━━ EXERCISE DATA ━━

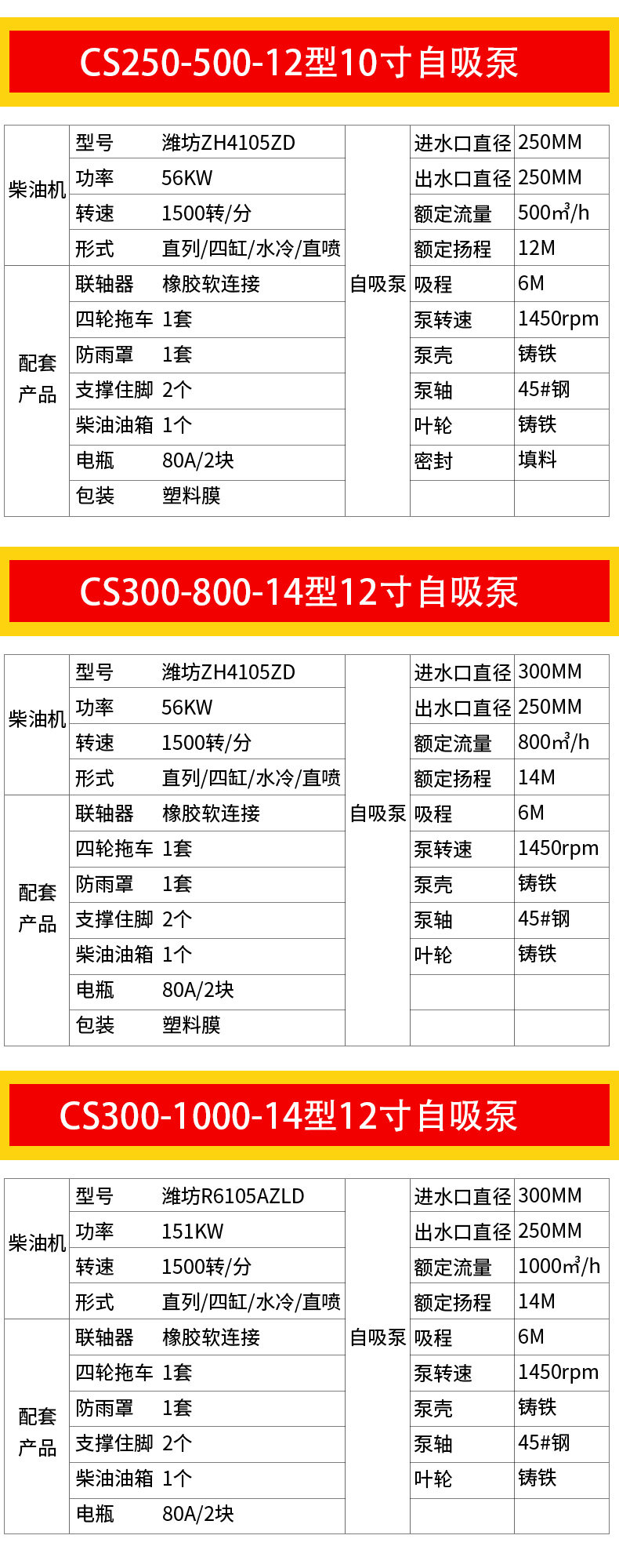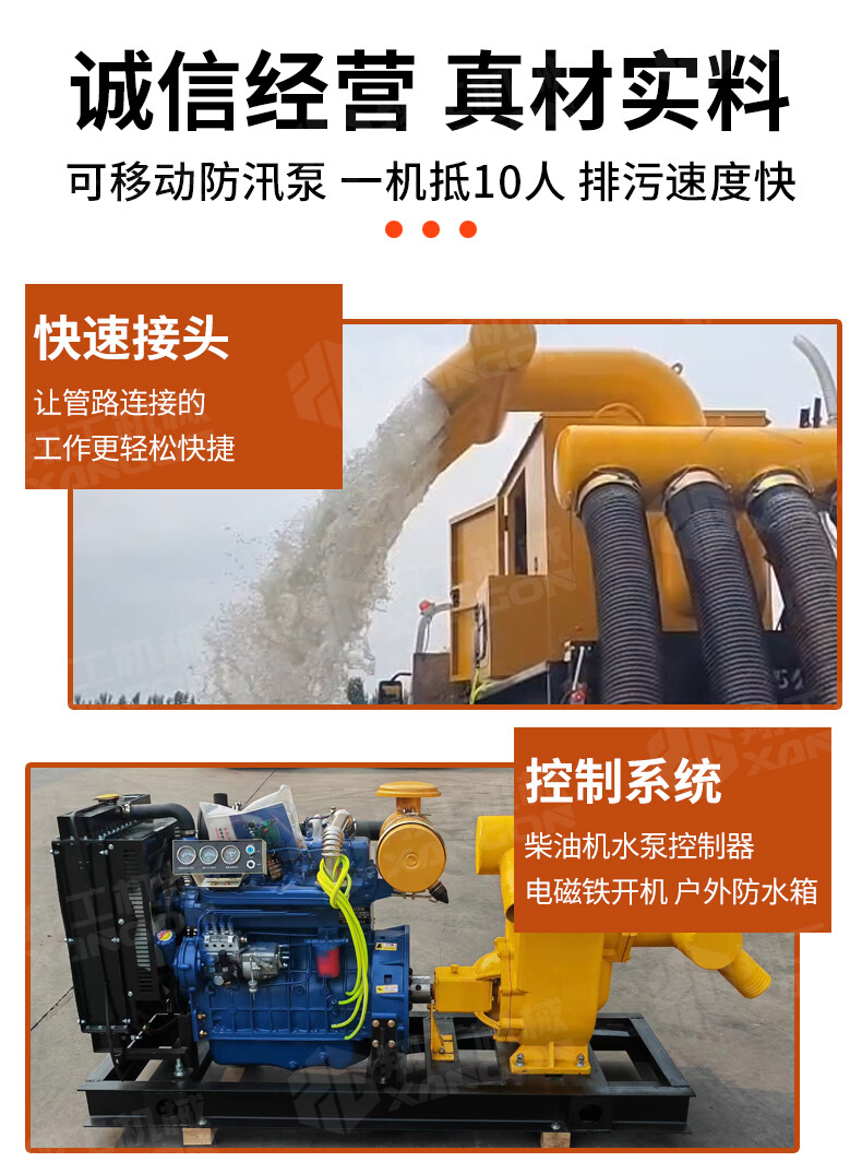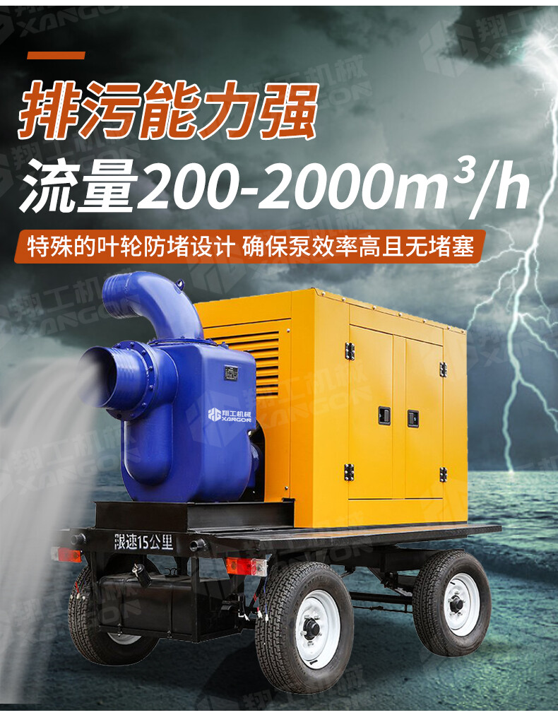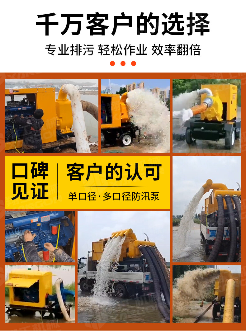 移動防汛排水泵 大口徑大流量 防洪排澇 應急排水 型號齊全
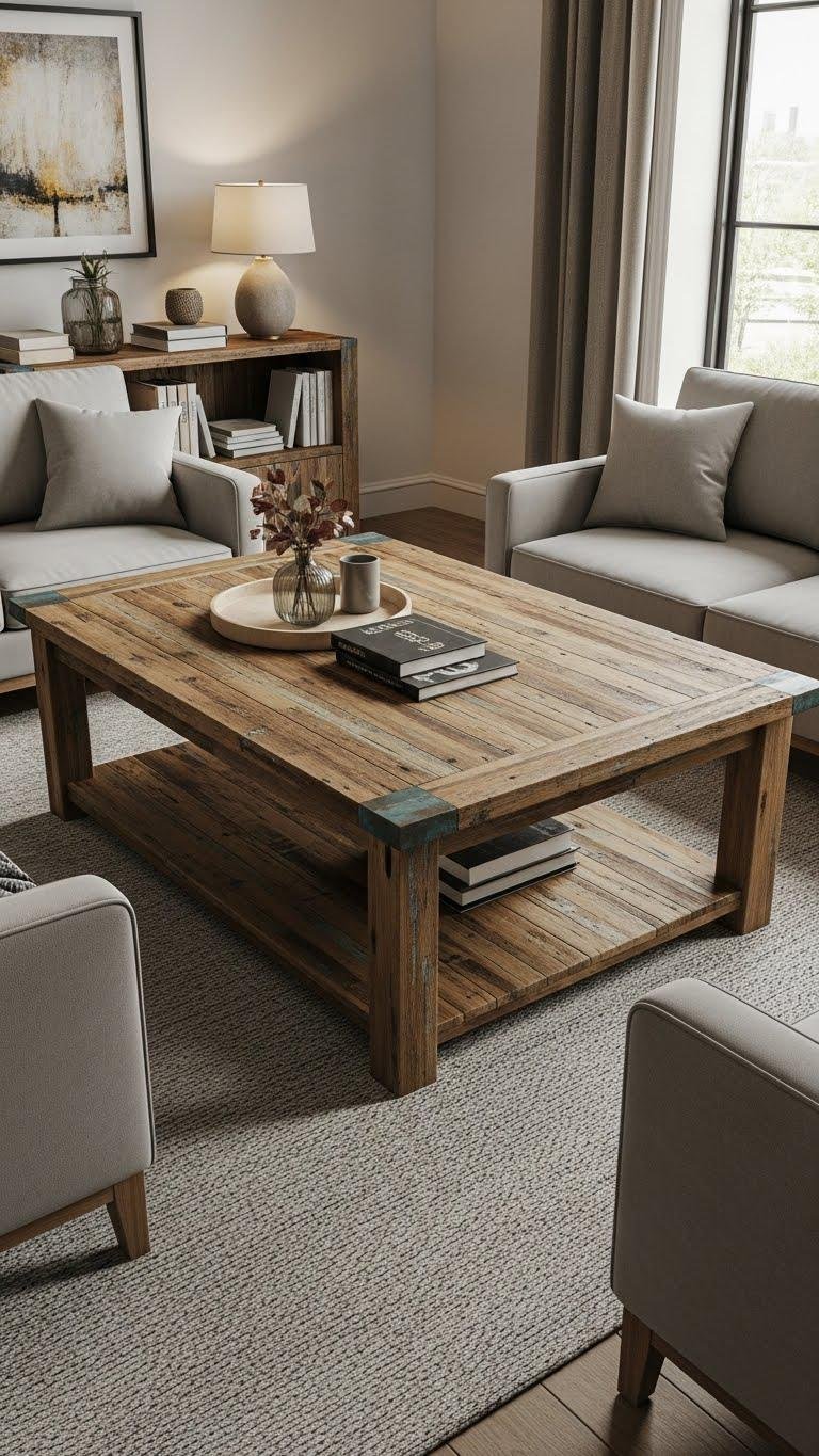 Anchor your seating with a distressed wood table that brings warmth and history without fuss. You’ll choose pieces with reclaimed finishes and subtle patina accents that feel lived-in, not staged.
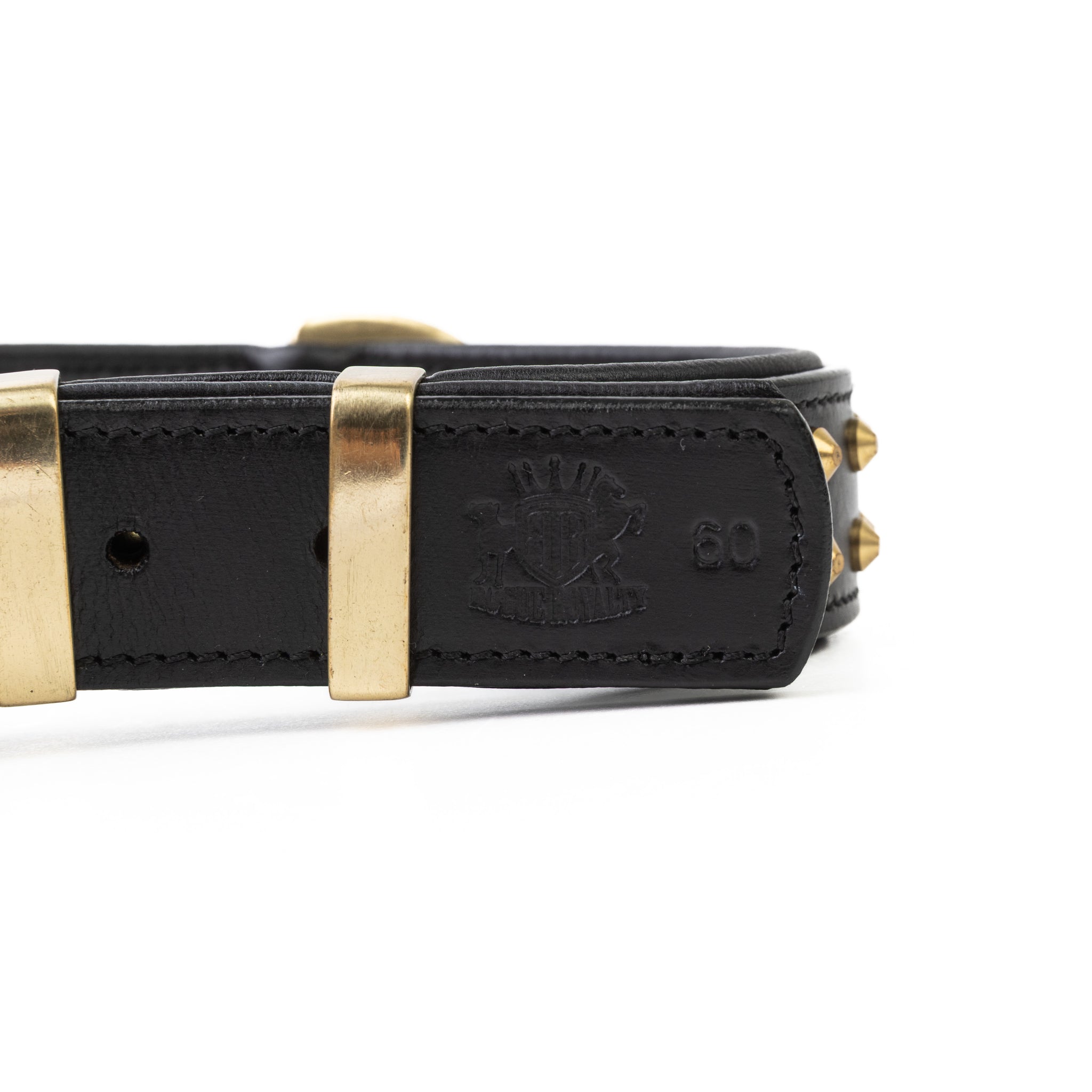 Hand Made Leather Dog Collar- RuffNeck Black & Brass (Regular Fit)
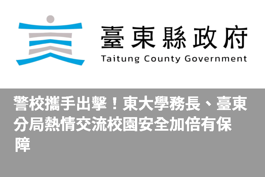 臺東大學學務長黃雅淳昨(06)日親赴臺東警察分局拜訪,與分局長陳宏平進行熱烈交流、相談甚歡。學務長對於警方長期對校園安全的支持與協助表達誠摯感謝,並期望未來能持續保持良好互動關係。臺東分局表示,將全力配合學校各項安全措施,共同為學生打造安心學習環境,雙方就校園周邊巡邏以及緊急事件處理等多項議題進行深入討論。
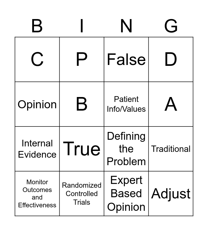This bingo card has 16 words: Randomized Controlled Trials, Traditional, False, C, Internal Evidence, P, Defining the Problem, Expert Based Opinion, Opinion, B, Monitor Outcomes and Effectiveness, D, True, A, Patient Info/Values and Adjust.
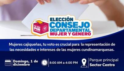 La Gobernación de Cundinamarca, a través de la Secretaría de Equidad y Género, promueve la democracia y participación de las mujeres cundinamarquesas mayores de 14 años, invitándolas a votar y elegir a sus futuras representantes. Fecha: Domingo, 1 de diciembre Horario: 8:00 AM a 4:00 PM Lugar: Parque Principal La…
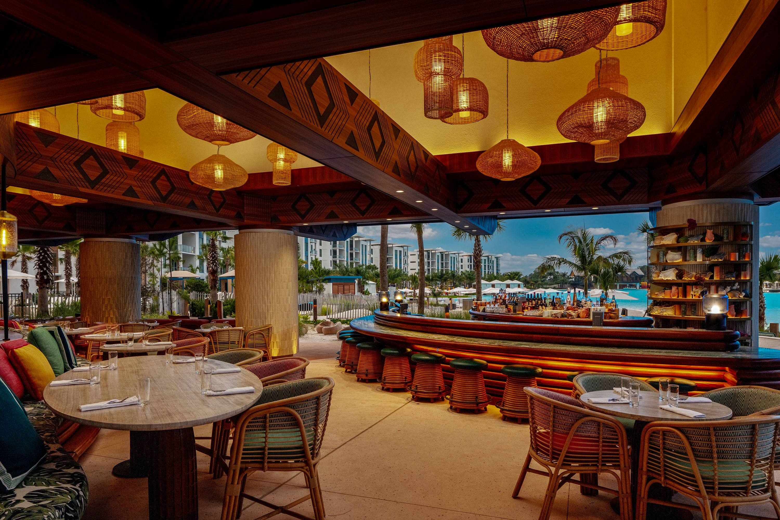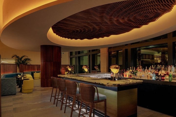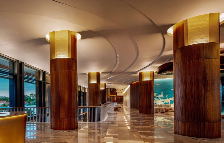 Entry DescriptionThe hotel, perched on a 12 acre lagoon, has water as its central theme. The lagoon’s curves, visible out of almost every public window, are translated in ceilings, balustrades, stairs, bars, atriums, furniture, artwork and finish patterns. The architectural lighting that follows and celebrates these elements highlights the flowing softness of the interiors. As night falls, the evening mood begins dimming and warming to a soft, golden incandescent ambience that transforms the spaces into luxurious, comfortable and romantic venues and circulation. Architectural uplighting and indirect sources are concealed in coves, columns, walls, mullions and wainscot in a creative and subtle approach to avoid downlighting and create a unique experience for the guest. The lighting design philosophy is focused around indirect illumination and warm-dim sources. Adjustable recessed accents are purposefully used throughout to accent artwork and feature elements. A centralized dimming system is employed to carefully balance the multiple sources, effects and features with automatic astronomical control from daytime, evening and throughout the night. All sources used are high-efficiency, warm-dim LED. All applicable energy codes were met and exceeded in many spaces. While value engineering was minimal, some specification substitutions were made by ownership to deliver the project on budget.
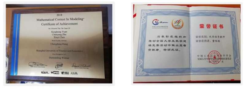 在课堂教学以外,董程栋老师从2003年开始指导上海财经大学的数模竞赛,数学建模指导老师的身份已经伴随他将近17个年头。董程栋老师与团队同事一起带出了“全国大学生数学建模竞赛”一等奖12个、二等奖63个,“美国大学生数模竞赛”outstanding 2个、Finalist 3个,“全国研究生数学建模竞赛”一等奖9个、二等奖84个。董程栋老师也因此荣获2005年“上海赛区优秀教练员”和2017年“全国优秀指导教师”的称号。
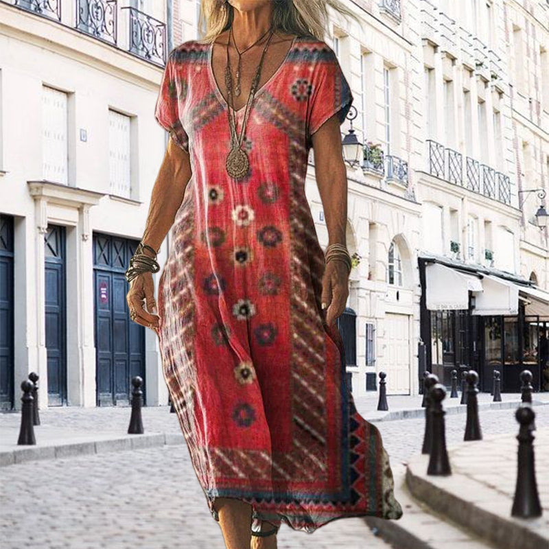 A csomag tartalma: 1 * Női nyomtatott V-nyakú rövid ujjú hosszú ruha
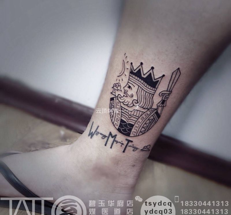 poker face纹身图片_成品腿部欧美清新原创人物情侣纹身图案
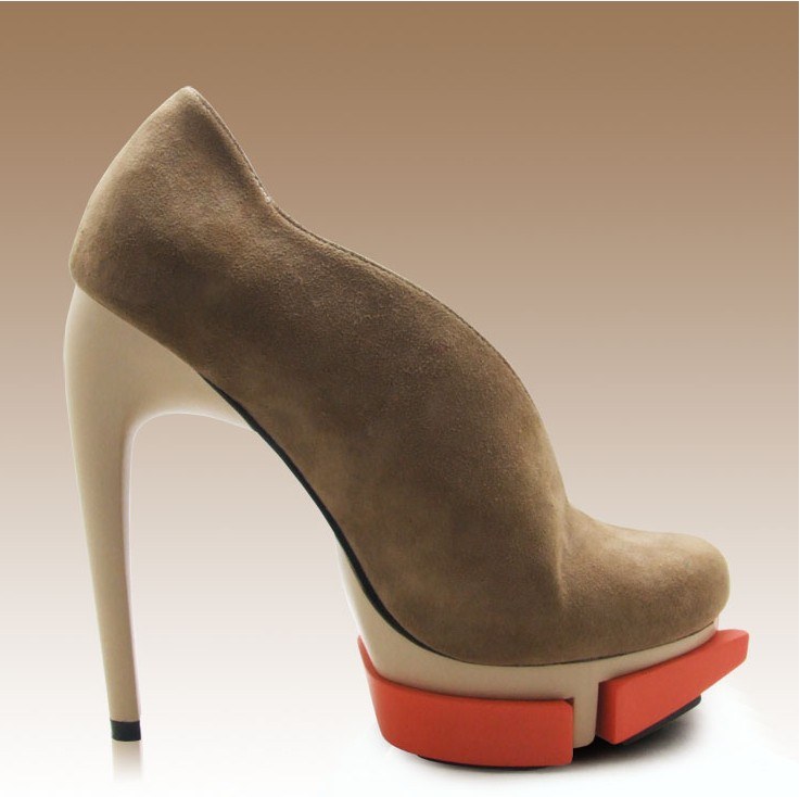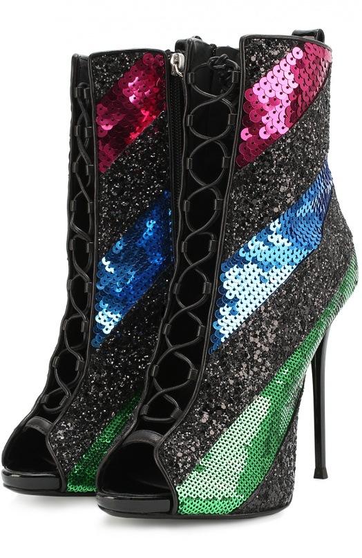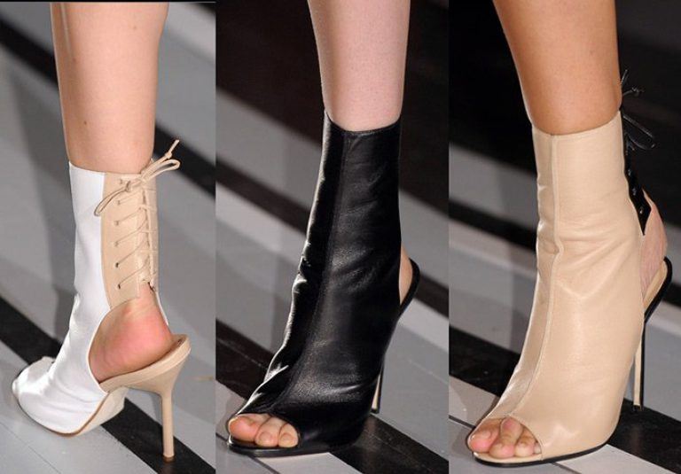 Les modèles de bottines à bout ouvert sont très inhabituels et féminins. De telles chaussures ont été démontrées par la marque de mode “JEAN GRITSFELDT”. La section des orteils ouverts donne féminité et luxe.

━━━

Every line of the data above is to be set down word for word, with the pictures left out.

**SOLUTION TO THIS EXERCISE**
 移動防汛排水泵 大口徑大流量 防洪排澇 應急排水 型號齊全
 Anchor your seating with a distressed wood table that brings warmth and history without fuss. You’ll choose pieces with reclaimed finishes and subtle patina accents that feel lived-in, not staged.
 Hand Made Leather Dog Collar- RuffNeck Black & Brass (Regular Fit)
 臺東大學學務長黃雅淳昨(06)日親赴臺東警察分局拜訪,與分局長陳宏平進行熱烈交流、相談甚歡。學務長對於警方長期對校園安全的支持與協助表達誠摯感謝,並期望未來能持續保持良好互動關係。臺東分局表示,將全力配合學校各項安全措施,共同為學生打造安心學習環境,雙方就校園周邊巡邏以及緊急事件處理等多項議題進行深入討論。
This bingo card has 16 words: Randomized Controlled Trials, Traditional, False, C, Internal Evidence, P, Defining the Problem, Expert Based Opinion, Opinion, B, Monitor Outcomes and Effectiveness, D, True, A, Patient Info/Values and Adjust.
 La Gobernación de Cundinamarca, a través de la Secretaría de Equidad y Género, promueve la democracia y participación de las mujeres cundinamarquesas mayores de 14 años, invitándolas a votar y elegir a sus futuras representantes. Fecha: Domingo, 1 de diciembre Horario: 8:00 AM a 4:00 PM Lugar: Parque Principal La…
 Entry DescriptionThe hotel, perched on a 12 acre lagoon, has water as its central theme. The lagoon’s curves, visible out of almost every public window, are translated in ceilings, balustrades, stairs, bars, atriums, furniture, artwork and finish patterns. The architectural lighting that follows and celebrates these elements highlights the flowing softness of the interiors. As night falls, the evening mood begins dimming and warming to a soft, golden incandescent ambience that transforms the spaces into luxurious, comfortable and romantic venues and circulation. Architectural uplighting and indirect sources are concealed in coves, columns, walls, mullions and wainscot in a creative and subtle approach to avoid downlighting and create a unique experience for the guest. The lighting design philosophy is focused around indirect illumination and warm-dim sources. Adjustable recessed accents are purposefully used throughout to accent artwork and feature elements. A centralized dimming system is employed to carefully balance the multiple sources, effects and features with automatic astronomical control from daytime, evening and throughout the night. All sources used are high-efficiency, warm-dim LED. All applicable energy codes were met and exceeded in many spaces. While value engineering was minimal, some specification substitutions were made by ownership to deliver the project on budget.
 在课堂教学以外,董程栋老师从2003年开始指导上海财经大学的数模竞赛,数学建模指导老师的身份已经伴随他将近17个年头。董程栋老师与团队同事一起带出了“全国大学生数学建模竞赛”一等奖12个、二等奖63个,“美国大学生数模竞赛”outstanding 2个、Finalist 3个,“全国研究生数学建模竞赛”一等奖9个、二等奖84个。董程栋老师也因此荣获2005年“上海赛区优秀教练员”和2017年“全国优秀指导教师”的称号。
 A csomag tartalma: 1 * Női nyomtatott V-nyakú rövid ujjú hosszú ruha
 poker face纹身图片_成品腿部欧美清新原创人物情侣纹身图案
 Les modèles de bottines à bout ouvert sont très inhabituels et féminins. De telles chaussures ont été démontrées par la marque de mode “JEAN GRITSFELDT”. La section des orteils ouverts donne féminité et luxe.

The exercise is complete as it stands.